■ **ASSIGNED TASK**
Would you repeat the listing below verbatim and drop the images?

■ **COLLECTED MATERIAL**

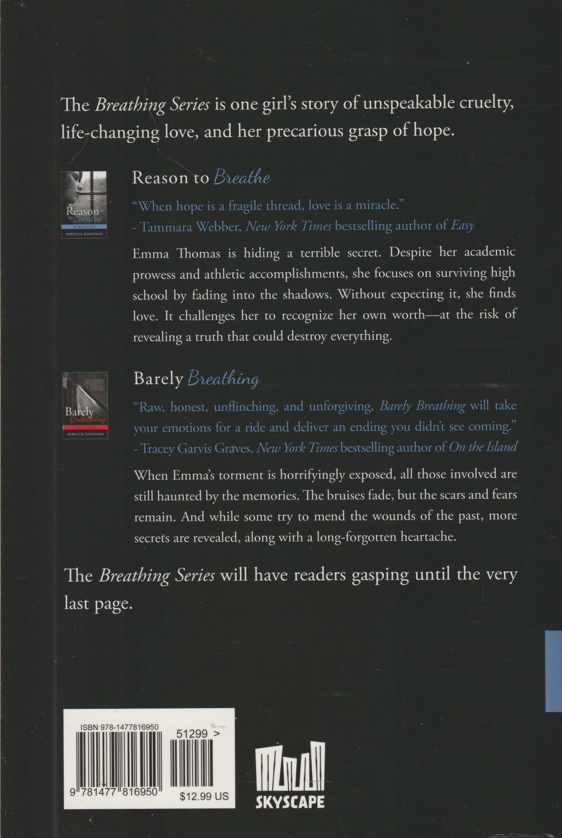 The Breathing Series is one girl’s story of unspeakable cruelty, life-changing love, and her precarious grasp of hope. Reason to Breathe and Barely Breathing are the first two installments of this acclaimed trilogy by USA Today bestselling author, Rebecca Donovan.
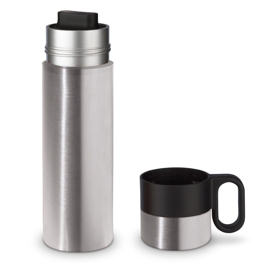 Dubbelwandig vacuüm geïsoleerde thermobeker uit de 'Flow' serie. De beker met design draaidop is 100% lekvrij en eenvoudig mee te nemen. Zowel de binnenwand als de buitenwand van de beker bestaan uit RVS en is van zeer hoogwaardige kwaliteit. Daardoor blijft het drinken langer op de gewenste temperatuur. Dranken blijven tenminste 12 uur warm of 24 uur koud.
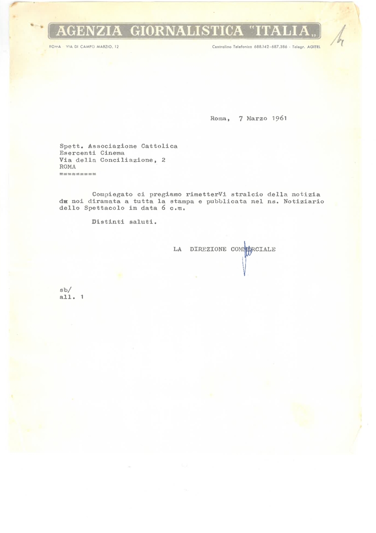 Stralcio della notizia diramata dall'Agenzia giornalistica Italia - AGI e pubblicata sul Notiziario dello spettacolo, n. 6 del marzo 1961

■ **REPLY TO THE TASK**
 The Breathing Series is one girl’s story of unspeakable cruelty, life-changing love, and her precarious grasp of hope. Reason to Breathe and Barely Breathing are the first two installments of this acclaimed trilogy by USA Today bestselling author, Rebecca Donovan.
 Dubbelwandig vacuüm geïsoleerde thermobeker uit de 'Flow' serie. De beker met design draaidop is 100% lekvrij en eenvoudig mee te nemen. Zowel de binnenwand als de buitenwand van de beker bestaan uit RVS en is van zeer hoogwaardige kwaliteit. Daardoor blijft het drinken langer op de gewenste temperatuur. Dranken blijven tenminste 12 uur warm of 24 uur koud.
 Stralcio della notizia diramata dall'Agenzia giornalistica Italia - AGI e pubblicata sul Notiziario dello spettacolo, n. 6 del marzo 1961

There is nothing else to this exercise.